Personnel needed to run hospitals, clinics, and other services include administrators, doctors (both generalists and specialists), emergency medical technicians (EMTs), nurses, orderlies, and security. Different communities will require different ratios and amounts of these positions. This all depends on that particular community's make-up and situation. For example, according to the US Census Bureau, there is a significantly higher percentage of senior citizens in Hawaii than the rest of the nation.2 Hawai‘i's health care system is currently trying to respond to this situation by training and incorporating more home care nurses and geriatricians.
The availability of medical facilities, tools, and supplies can impact the quality of service provided in rural health settings. Tangible things such as hospital beds, operating rooms, and laboratories are needed. Imaging equipment, including X-ray machines, computerized axial tomography (CAT) scans, and magnetic resonance imaging (MRIs), is a basic requirement. Other essential equipment includes vital monitoring machines, respirators, defibrillators, and autoclaves. Medical supplies such as drapes, trays, gloves, scalpels, gauze, bandages, splints, and sutures, are also required. Medicine like antibiotics, opiates, coagulants, anti-inflammatories, vaccinations, IV fluids and blood also need to be in stock. Lastly, autoclaves, chemical products, and cleaning devices are imperative to health care. All of these material goods are an important part of modern medicine and are essential to high recovery rates from illness and injury.

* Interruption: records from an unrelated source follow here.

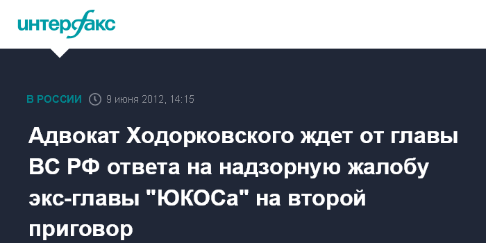 Адвокат Ходорковского ждет от главы ВС РФ ответа на надзорную жалобу экс-главы "ЮКОСа" на второй приговор
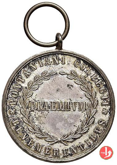 Collegio Prontano Dritto: RELIGIONI ET BONIS ARTIBVS Sfera Armillare tra cartiglio con compassi, squadri e attrezzature per disegnare a sx e lira a dx, entro rami d'alloro nel campo, tra rami d'alloro: PRAEMIVM |
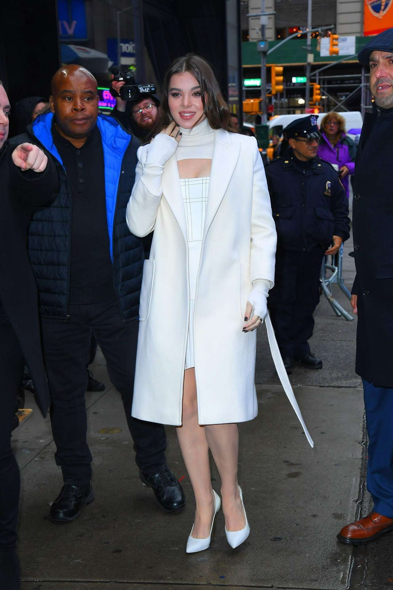 New York, NY – Hailee Steinfeld smiles at the crowd as she arrives at Good Morning America. Hailee looks great in all white for the outing.
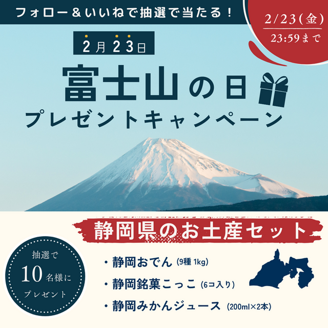ヨシケイの発祥の地「静岡」を代表する富士山のように、日本中でますます親しみ・愛されるよう2月23日の富士山の日に合わせ「富士山の日プレゼントキャンペーン」を実施します。ヨシケイ公式Instagramアカウントを「フォロー&いいね」するだけで、抽選で10名様に「静岡県のお土産セット」をプレゼント。沢山のご応募お待ちしております。
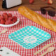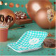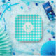 Make an impression with this classic checkered gingham pattern in bright turquoise blue with a white circular place to add your monogram in a matching turquoise block font! Replace the initial with your own...choose your font or remove the monogram and add your own design. Perfect for baby showers, weddings, anniversaries, reunions and luncheons.
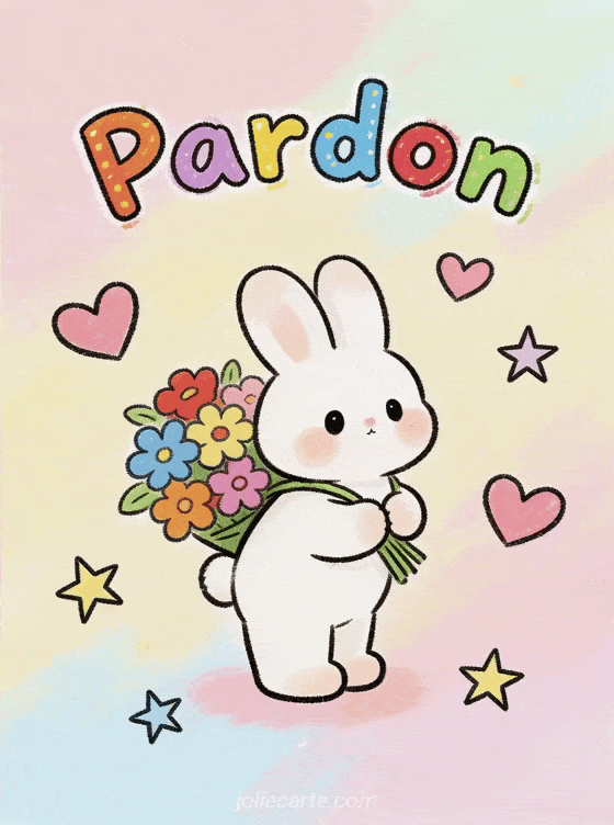 Envoyez ce dessin pardon adorable pour exprimer vos regrets avec douceur et légÚreté. Découvrez aussi une carte sur comment demander pardon à son amour, une lettre pour demander pardon à sa fille ou un texte pour demander pardon à quelqu'un.
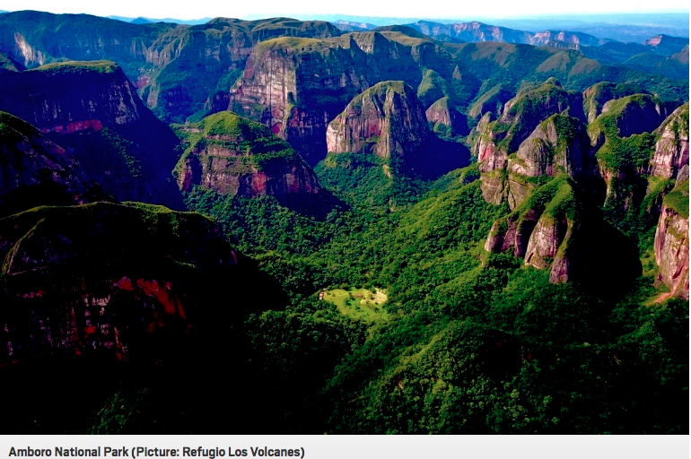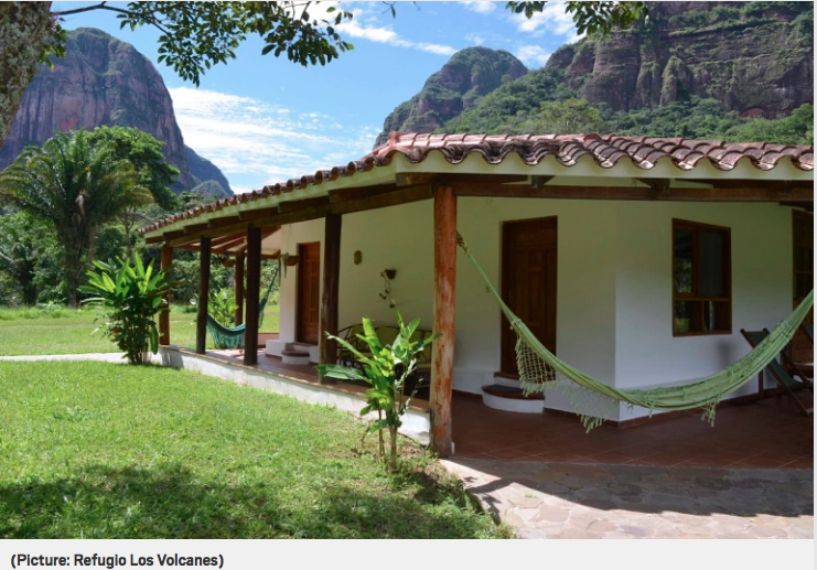 This lodge, nestled in a clearing in Amboro National Park, offers an oasis of calm surrounded by jungle. With only six rooms (and four more planned), there is a sense of bespoke intimacy to the accommodation and services. There are three pristine waterfalls guests can swim in minutes from the lodge. Rooms at Refugio Los Volcanes start at £63 for single occupancy and £74 for double occupancy. Room prices include three meals a day, and access to local ‘pathfinders’ who help guide you on the surrounding trails.

Adequate service is possible if the material goods listed above are available and if the patient arrives to the medical facility in a timely window. Time in emergency situations is critical, hence medical transport vehicles must be added to this list. Ambulances (including ground and air) are needed to transport patients to facilities where safe, clean medical procedures can be undertaken.

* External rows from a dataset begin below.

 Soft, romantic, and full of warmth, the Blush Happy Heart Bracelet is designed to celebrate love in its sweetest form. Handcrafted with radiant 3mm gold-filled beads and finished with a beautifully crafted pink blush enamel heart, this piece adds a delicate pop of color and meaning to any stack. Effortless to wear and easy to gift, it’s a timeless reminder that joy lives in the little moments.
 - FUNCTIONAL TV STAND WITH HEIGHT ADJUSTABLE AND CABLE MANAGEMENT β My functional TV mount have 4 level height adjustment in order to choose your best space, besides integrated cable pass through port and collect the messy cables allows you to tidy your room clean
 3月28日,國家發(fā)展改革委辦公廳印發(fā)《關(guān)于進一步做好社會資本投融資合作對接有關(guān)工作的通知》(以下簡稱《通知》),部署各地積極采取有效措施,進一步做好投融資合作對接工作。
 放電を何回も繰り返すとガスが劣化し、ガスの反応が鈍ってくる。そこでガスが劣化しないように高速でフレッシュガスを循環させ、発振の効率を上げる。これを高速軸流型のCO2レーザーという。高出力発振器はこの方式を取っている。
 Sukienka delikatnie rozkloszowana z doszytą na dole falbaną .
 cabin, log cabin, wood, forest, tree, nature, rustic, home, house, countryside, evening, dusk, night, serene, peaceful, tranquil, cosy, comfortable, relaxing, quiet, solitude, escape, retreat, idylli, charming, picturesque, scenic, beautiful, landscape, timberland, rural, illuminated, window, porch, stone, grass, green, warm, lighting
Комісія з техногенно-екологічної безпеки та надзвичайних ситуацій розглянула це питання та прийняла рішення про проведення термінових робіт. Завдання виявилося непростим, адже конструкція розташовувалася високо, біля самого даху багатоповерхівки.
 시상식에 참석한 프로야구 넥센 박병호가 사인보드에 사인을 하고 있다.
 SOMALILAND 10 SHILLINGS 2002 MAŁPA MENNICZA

While we do have resources available on Moloka‘i, including imaging machinery, an EKG, a dialysis clinic, and a chemotherapy clinic, patients must travel to O‘ahu for specialized care such as colonoscopies, surgeries, or psychiatric needs. Many medical facilities are unified under the Queen's Medical Center, which makes it easy to refer patients off-island and communicate through electronic medical record systems.
Ultimately, three factors: a community's unique conditions, the availability of trained medical personnel, and tangibles, such as facilities and supplies, impact the delivery of high-quality health care. Each community has special traits. These needs, and constraints influence and determine what type of health care system should be developed. Efficient health care systems must be adaptive and responsive to short and long-term changes. Changes in such things as population demographics, political/economic/social/environmental events, and disease epidemics are the norm. This responsiveness to change is critical in both developed and nascent societies. Further studies in rural health care can provide a greater understanding of the interplay between these complex factors on the important issue of rural health care delivery upon which Moloka‘i, and other places like it, depend.
The author has no conflict of interest.